**DIRECTIONS:**
Exact retyping of the data: please keep every word and drop each picture.

[Records drawn from a dataset]
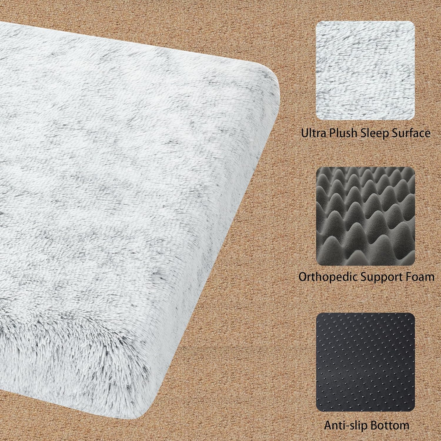 High Quality Faux Fur Cover: The sleeping area of the YIZHUOPET dog bed is made of 3-layer fabric. The surface of the large dog bed adopt soft luxury faux fur material,which is close to Dog’s fur, super cozy and warm. The comfy dog crate pad can create a healthy sleeping environment and help them calm down. The middle PE waterproof layer prevents liquid from penetrating, which will protect the foam from accidents and fluids greatly. The inner knit fabric lining is durable enough for long time use.
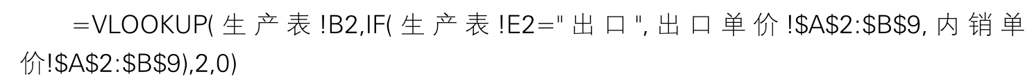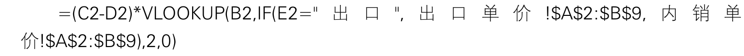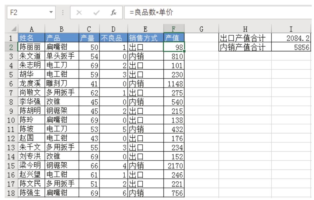 例如,在图7.93~图7.95所示的案例中,需要在F列根据内销单价和出口单价计算产值,其公式如下:
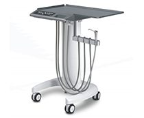 推车式不锈钢器械盘 1.推车式器械盘改善牙椅承载情况,使整机更稳定,消除器械臂给患者带来的压迫感。2.底部采用铝合金压铸工艺,提高结构稳定性,不变形、不生锈。
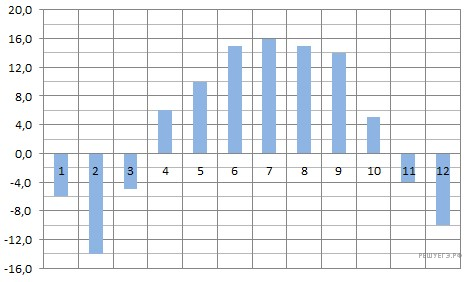 На диаграмме показана среднемесячная температура в Нижнем Новгороде (Горьком) за каждый месяц 1994 года. По горизонтали указываются месяцы, по вертикали — температура в градусах Цельсия. Определите по диаграмме наименьшую среднемесячную температуру в 1994 году. Ответ дайте в градусах Цельсия.
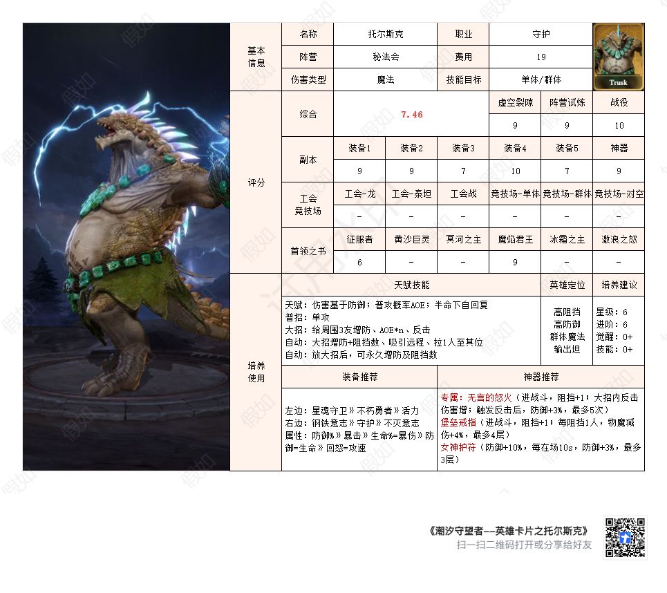 本帖为个人发布的有关潮汐守望者的系列攻略的索引贴,方便查找。**关于英雄综合评分算法说明**目前,综合评分是在单项评分的基础上,结合英雄泛用程度,用一套算法计算得出,大部分英雄评分与使用感受符合,...
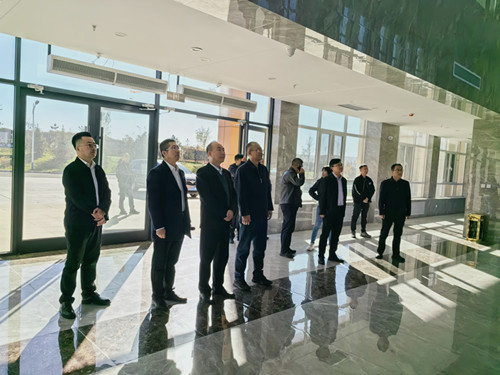 在基地办公楼大厅,调研团一行观看了公司宣传片,听取了朱序强关于榆横综合中试及示范基地建设背景、产业规划、项目建设、运行机制及优势等有关情况的详细介绍,调研期间,调研团一行还参观了中试基地标准化厂房建设现场,并围绕厂房建设标准、相关手续申报等方面进行了交流。
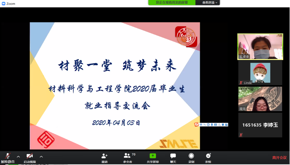 为积极应对疫情形势下毕业生就业工作面临的全新挑战,小黄书 2020年4月3日(周五)11:45于线上Zoom平台会议室召开了“材聚一堂,济梦未来——2020届毕业生就业指导交流会”。本次会议由小黄书 党委副书记王凌凌老师、学工办周龙老师和李楠老师共同参与,并邀请到2017届温州选调生洪万领校友、2020届毕业研究生奚悦静同学作为特邀毕业生代表做了交流发言。本次会议旨在响应疫情期间国家就业政策、学...
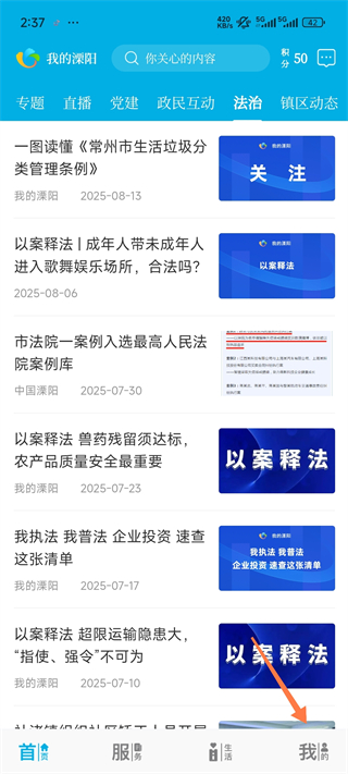 1、打开我的溧阳App,在服务板块找到生活缴费

**RESPONSE AREA:**
 High Quality Faux Fur Cover: The sleeping area of the YIZHUOPET dog bed is made of 3-layer fabric. The surface of the large dog bed adopt soft luxury faux fur material,which is close to Dog’s fur, super cozy and warm. The comfy dog crate pad can create a healthy sleeping environment and help them calm down. The middle PE waterproof layer prevents liquid from penetrating, which will protect the foam from accidents and fluids greatly. The inner knit fabric lining is durable enough for long time use.
 例如,在图7.93~图7.95所示的案例中,需要在F列根据内销单价和出口单价计算产值,其公式如下:
 推车式不锈钢器械盘 1.推车式器械盘改善牙椅承载情况,使整机更稳定,消除器械臂给患者带来的压迫感。2.底部采用铝合金压铸工艺,提高结构稳定性,不变形、不生锈。
 На диаграмме показана среднемесячная температура в Нижнем Новгороде (Горьком) за каждый месяц 1994 года. По горизонтали указываются месяцы, по вертикали — температура в градусах Цельсия. Определите по диаграмме наименьшую среднемесячную температуру в 1994 году. Ответ дайте в градусах Цельсия.
 本帖为个人发布的有关潮汐守望者的系列攻略的索引贴,方便查找。**关于英雄综合评分算法说明**目前,综合评分是在单项评分的基础上,结合英雄泛用程度,用一套算法计算得出,大部分英雄评分与使用感受符合,...
 在基地办公楼大厅,调研团一行观看了公司宣传片,听取了朱序强关于榆横综合中试及示范基地建设背景、产业规划、项目建设、运行机制及优势等有关情况的详细介绍,调研期间,调研团一行还参观了中试基地标准化厂房建设现场,并围绕厂房建设标准、相关手续申报等方面进行了交流。
 为积极应对疫情形势下毕业生就业工作面临的全新挑战,小黄书 2020年4月3日(周五)11:45于线上Zoom平台会议室召开了“材聚一堂,济梦未来——2020届毕业生就业指导交流会”。本次会议由小黄书 党委副书记王凌凌老师、学工办周龙老师和李楠老师共同参与,并邀请到2017届温州选调生洪万领校友、2020届毕业研究生奚悦静同学作为特邀毕业生代表做了交流发言。本次会议旨在响应疫情期间国家就业政策、学...
 1、打开我的溧阳App,在服务板块找到生活缴费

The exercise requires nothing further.